Top of Dataset content

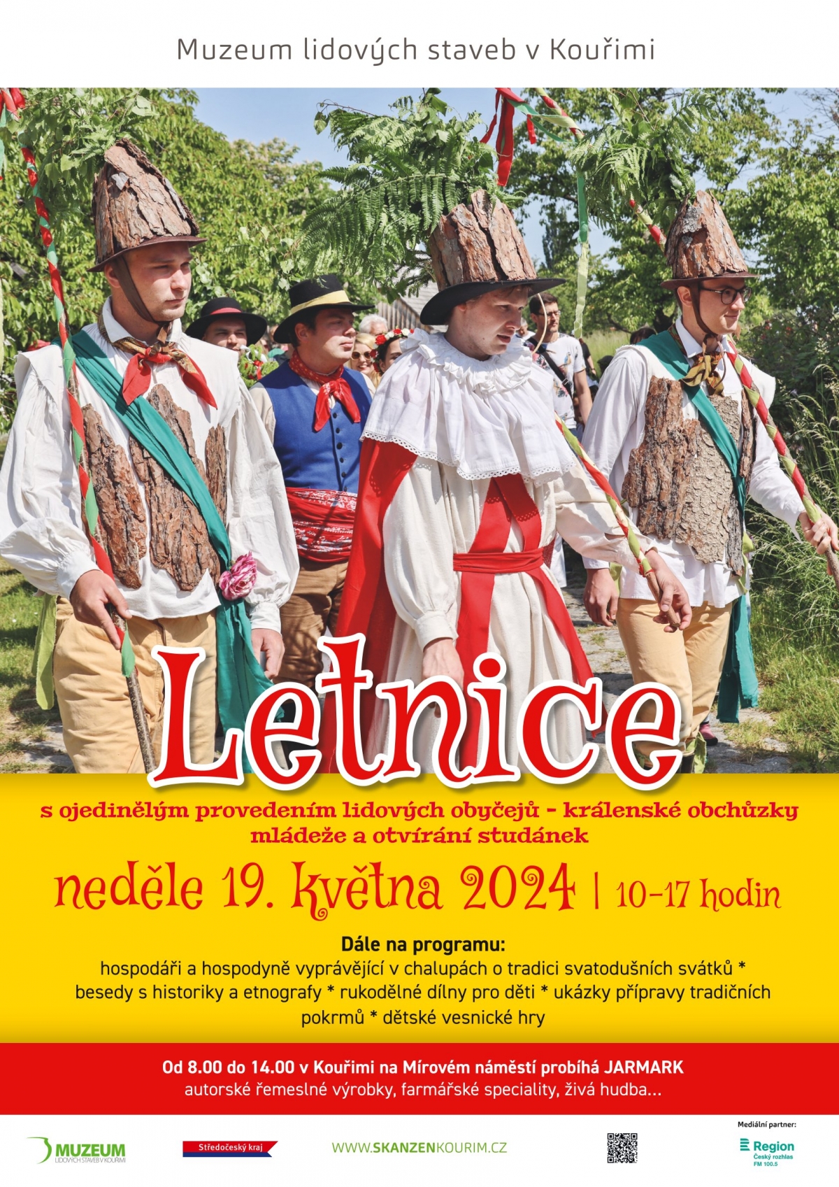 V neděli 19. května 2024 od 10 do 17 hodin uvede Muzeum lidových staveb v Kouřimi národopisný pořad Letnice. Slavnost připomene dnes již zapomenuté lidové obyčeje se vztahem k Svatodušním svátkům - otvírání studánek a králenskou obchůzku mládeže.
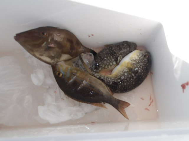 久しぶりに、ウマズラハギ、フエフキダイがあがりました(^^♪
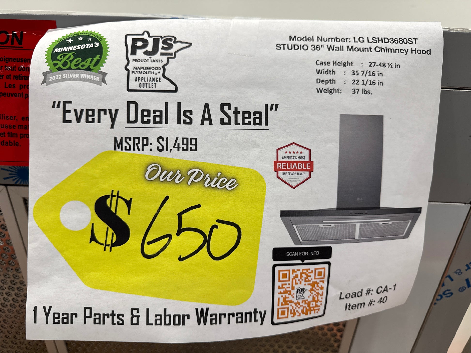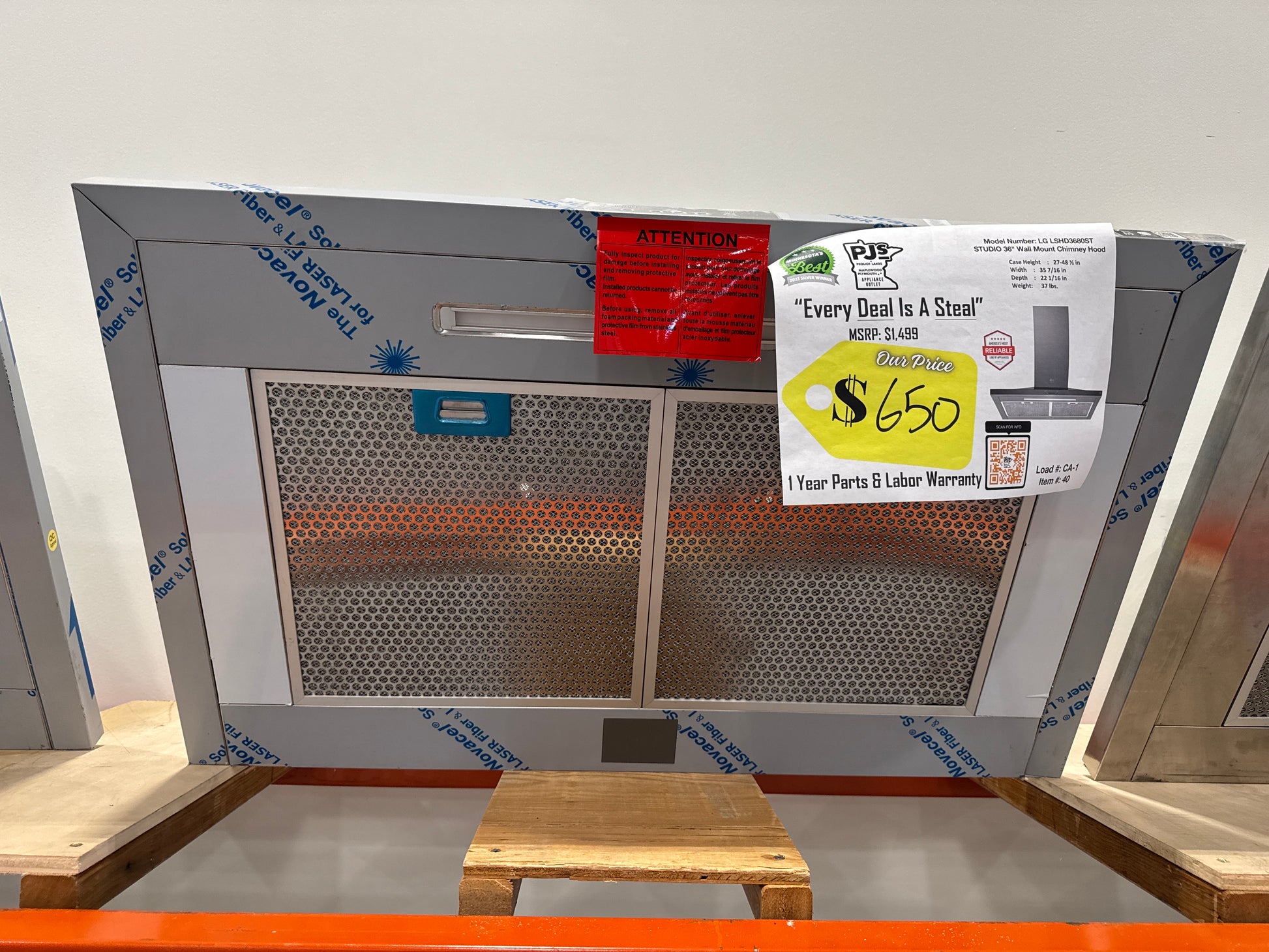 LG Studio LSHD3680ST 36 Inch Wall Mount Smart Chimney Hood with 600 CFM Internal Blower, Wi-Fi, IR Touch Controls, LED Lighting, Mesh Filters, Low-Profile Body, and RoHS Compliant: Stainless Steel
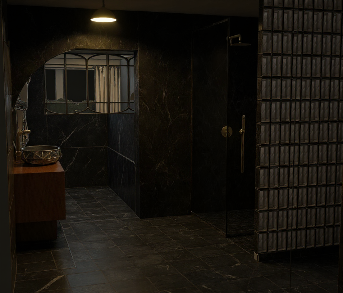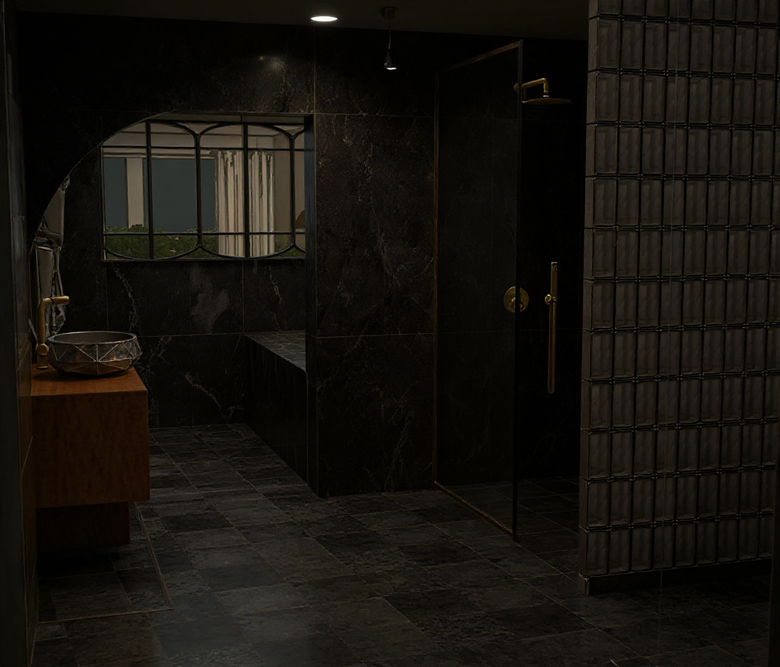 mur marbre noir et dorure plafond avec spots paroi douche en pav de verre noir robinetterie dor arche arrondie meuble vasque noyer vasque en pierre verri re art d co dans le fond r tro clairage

Bottom of Dataset content

▸ Aim of the task
The lines running from the one with "久しぶりに、ウマズラハギ、フエフキダイがあがりました(^^♪" to the close of the material above are to be retyped exactly; no picture is to be included.

▸ Final answer
 久しぶりに、ウマズラハギ、フエフキダイがあがりました(^^♪
 LG Studio LSHD3680ST 36 Inch Wall Mount Smart Chimney Hood with 600 CFM Internal Blower, Wi-Fi, IR Touch Controls, LED Lighting, Mesh Filters, Low-Profile Body, and RoHS Compliant: Stainless Steel
 mur marbre noir et dorure plafond avec spots paroi douche en pav de verre noir robinetterie dor arche arrondie meuble vasque noyer vasque en pierre verri re art d co dans le fond r tro clairage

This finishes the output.